The shattering of the poem’s visible form reflects the literal violence against the indigenous peoples outlined in the book’s framing historical narrative. The seven densely packed stanzas that open the first section, "Hope Atherton’s Wanderings," appear as a kind of archeological dig -- "deep so deep as my narrative" (S 9) -- that turns up nothing but the rubble of often obsolete language: "Clog nutmeg abt noon / scraping cano muzzell / foot path sand and so / gravel rubbish vandal horse flesh ryal tabl . . ." (S 6). The markers of official historical chronicle appear in these poems -- places, names, dates, times, numbers -- "April," "Clay Gully," "May," and "abt noon" -- but only as shards and fragments, not the product of a single shaping consciousness.

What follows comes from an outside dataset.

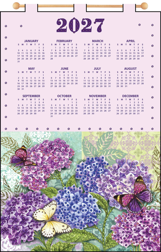 Calendrier Hortensia 2027 en feutrine et paillettes
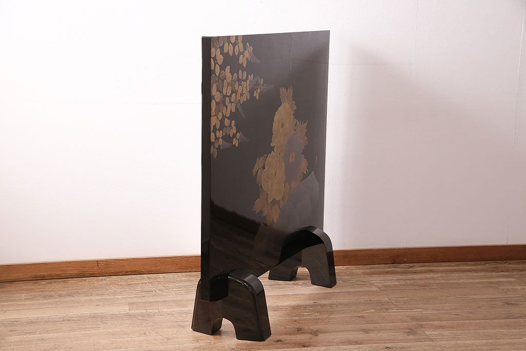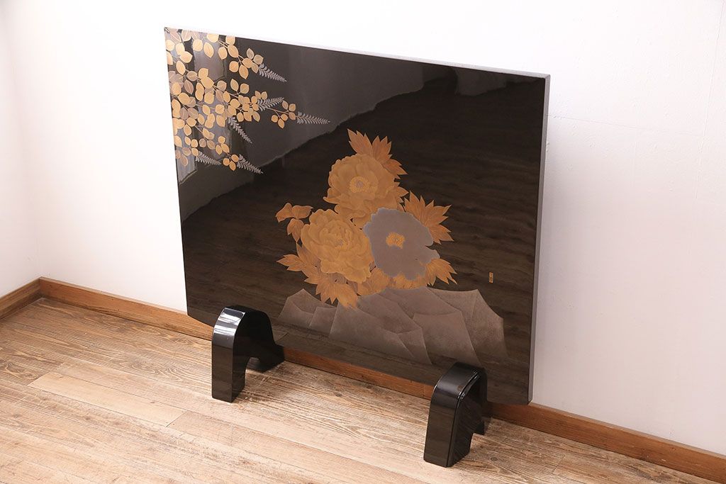 衝立・パーテーション> スタンド式衝立 > 中古 美品 民芸家具 輪島塗 井波唯志作 萩に牡丹 金銀蒔絵 蒔絵の意匠が見事な大振りの衝立(定価約450万円)(つい立て)(R-047826)

The result is what might appear to be the demolition of the lyric "I" and thus of any potential for testimonial address. If the lyric "I" has been understood as a framing structure that makes witnessing possible in poetry, Howe’s poems investigate those traumatic events that refuse to stay within its frame of reference, resisting our efforts at translation, explanation, and rationalization. "A piece of sentence left unfinished," says Howe, "can act as witness to the question proposed by a suspended ending" ("Ether" 126). For Howe, the extreme iconoclasm, fragmentation, and seriality of ecstatic or mystic speech paradoxically allows the poet to access and register history’s previously invisible persons and inarticulate voices.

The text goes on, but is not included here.